### Extracted records
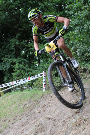 Je Klasseneinteilung müssen die Fahrer zwischen zwei und acht Runden auf der ca. 2,6 Kilometer langen Rennstrecke bewältigen, die mit ca. 110 Höhenmetern teilweise sehr steile Anstiege und ebenso steile und rasante Abfahrten aufweist. Fahrtechnisch wird den Fahrern so einiges abverlangt! Dass der Kurs die ambitionierten Hobby- und Amateurbiker begeistern wird, ist zuletzt auch Wolfram Kurschat (s. Radblogs Archivbild unten), dem Deutschen Mountain-Bike Meister von 1999, 2007 und 2009, zu verdanken, der seine Erfahrungen hier eingebracht hat und sich nahe seinem Zuhauses salopp gesagt seine Trainingsstrecke in den Wald zimmerte. Auch sein Schützling Lukas Baum (Junioren Europameister 2013) profitiert von diesen Bedingungen.
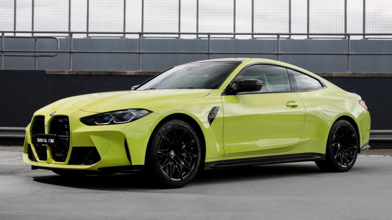 Обои Желтый автомобиль BMW M4 Competition 2021 года
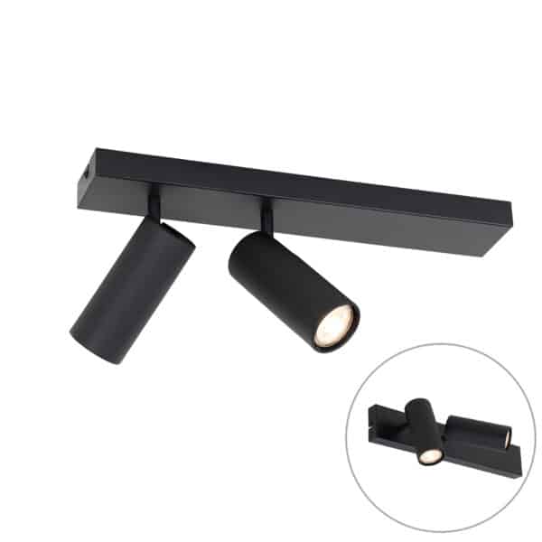 QAZQA Moderner Deckenstrahler schwarz 2-flammig verstellbar – Renna
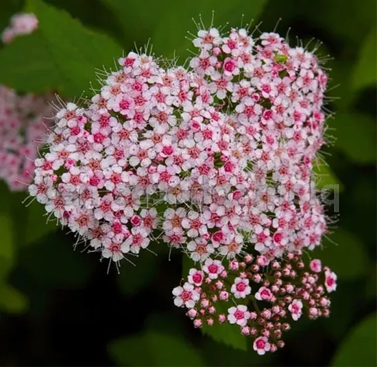 Японский вид спиреи цветет очень долго и обильно (с июня по сентябрь) и имеет цветки бледно-розового или темно-розового оттенка. Цветы появляются на верхушках однолетних побегов и собраны в довольно крупные и плоские соцветия.
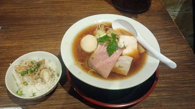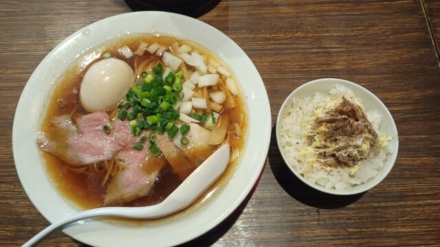 濃・鯛煮干しそば900円(限定麺)+煮卵+ピリ辛鶏皮めし
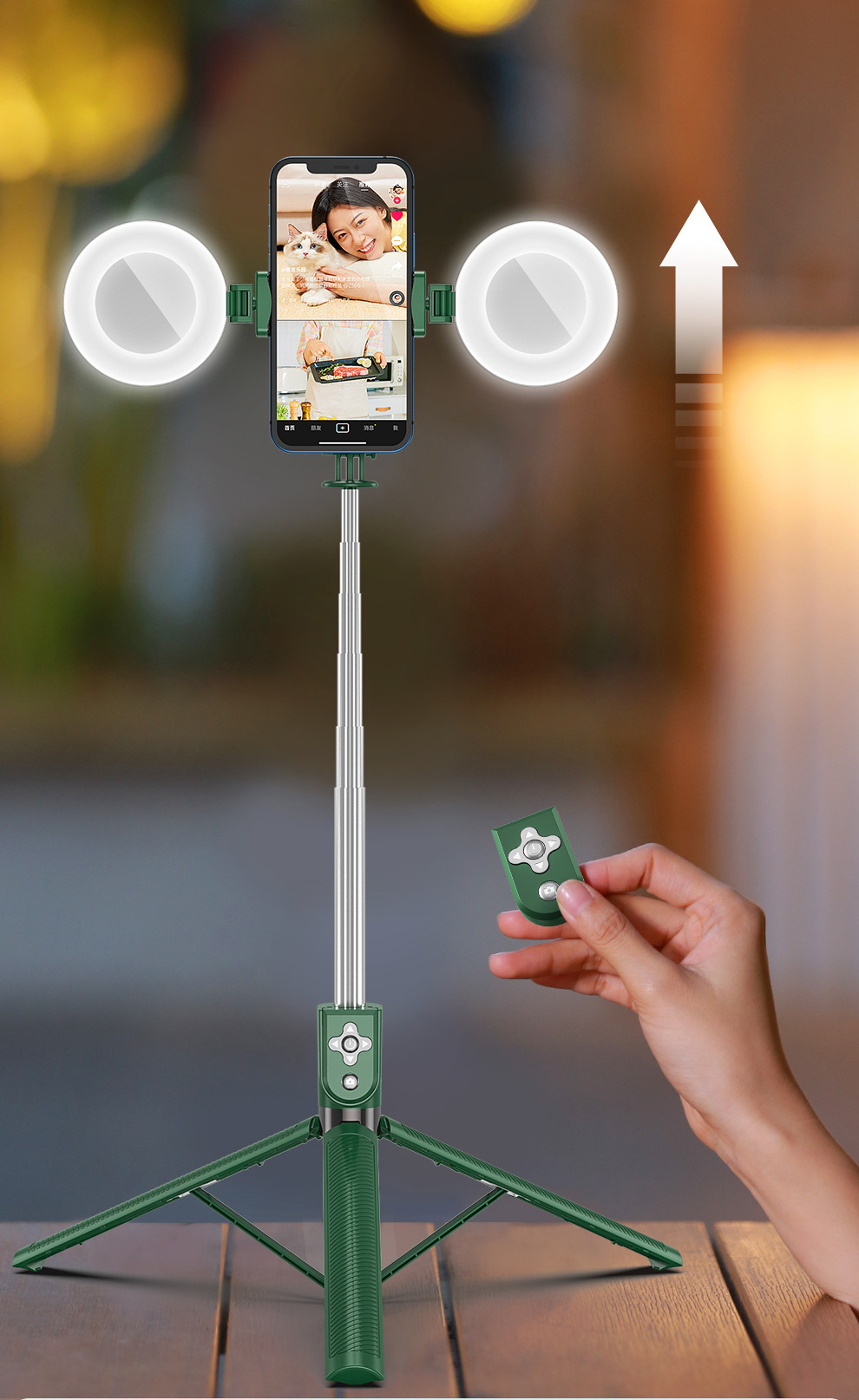 • 블랙 1.8m 셀카봉 + 이중 소형 조명
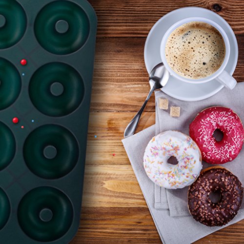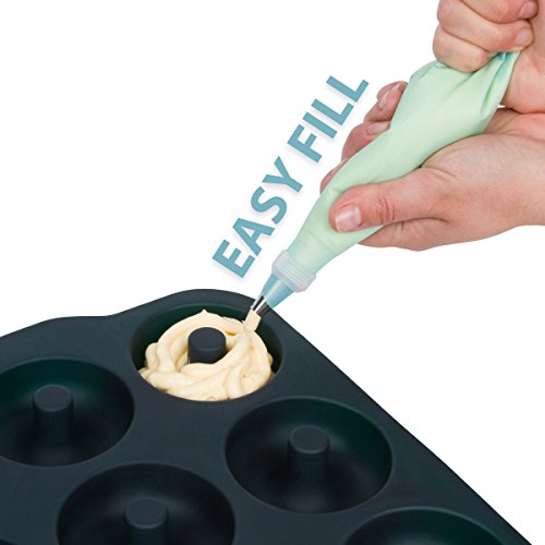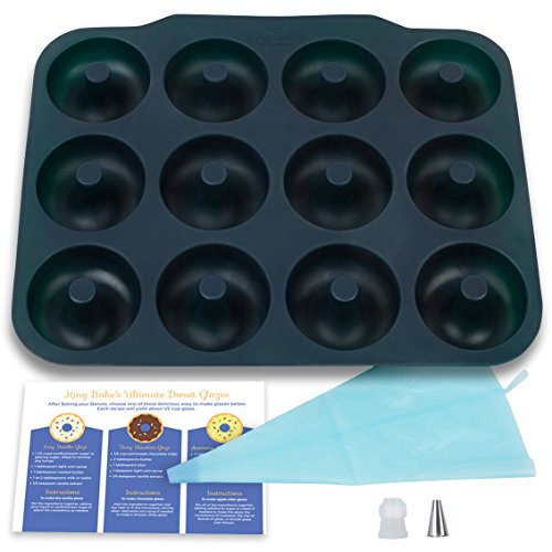 Large Luxury Silicone Donut Pan - BPA-Free, SUPER-NON-STICK, 12 Full Size Doughnut Mold, Bagel Pan with Bonus Pastry Bag and Recipe Card.

### Your instructions
Repeat every entry exactly. Do not include the pictures.

### Written answer
 Je Klasseneinteilung müssen die Fahrer zwischen zwei und acht Runden auf der ca. 2,6 Kilometer langen Rennstrecke bewältigen, die mit ca. 110 Höhenmetern teilweise sehr steile Anstiege und ebenso steile und rasante Abfahrten aufweist. Fahrtechnisch wird den Fahrern so einiges abverlangt! Dass der Kurs die ambitionierten Hobby- und Amateurbiker begeistern wird, ist zuletzt auch Wolfram Kurschat (s. Radblogs Archivbild unten), dem Deutschen Mountain-Bike Meister von 1999, 2007 und 2009, zu verdanken, der seine Erfahrungen hier eingebracht hat und sich nahe seinem Zuhauses salopp gesagt seine Trainingsstrecke in den Wald zimmerte. Auch sein Schützling Lukas Baum (Junioren Europameister 2013) profitiert von diesen Bedingungen.
 Обои Желтый автомобиль BMW M4 Competition 2021 года
 QAZQA Moderner Deckenstrahler schwarz 2-flammig verstellbar – Renna
 Японский вид спиреи цветет очень долго и обильно (с июня по сентябрь) и имеет цветки бледно-розового или темно-розового оттенка. Цветы появляются на верхушках однолетних побегов и собраны в довольно крупные и плоские соцветия.
 濃・鯛煮干しそば900円(限定麺)+煮卵+ピリ辛鶏皮めし
 • 블랙 1.8m 셀카봉 + 이중 소형 조명
 Large Luxury Silicone Donut Pan - BPA-Free, SUPER-NON-STICK, 12 Full Size Doughnut Mold, Bagel Pan with Bonus Pastry Bag and Recipe Card.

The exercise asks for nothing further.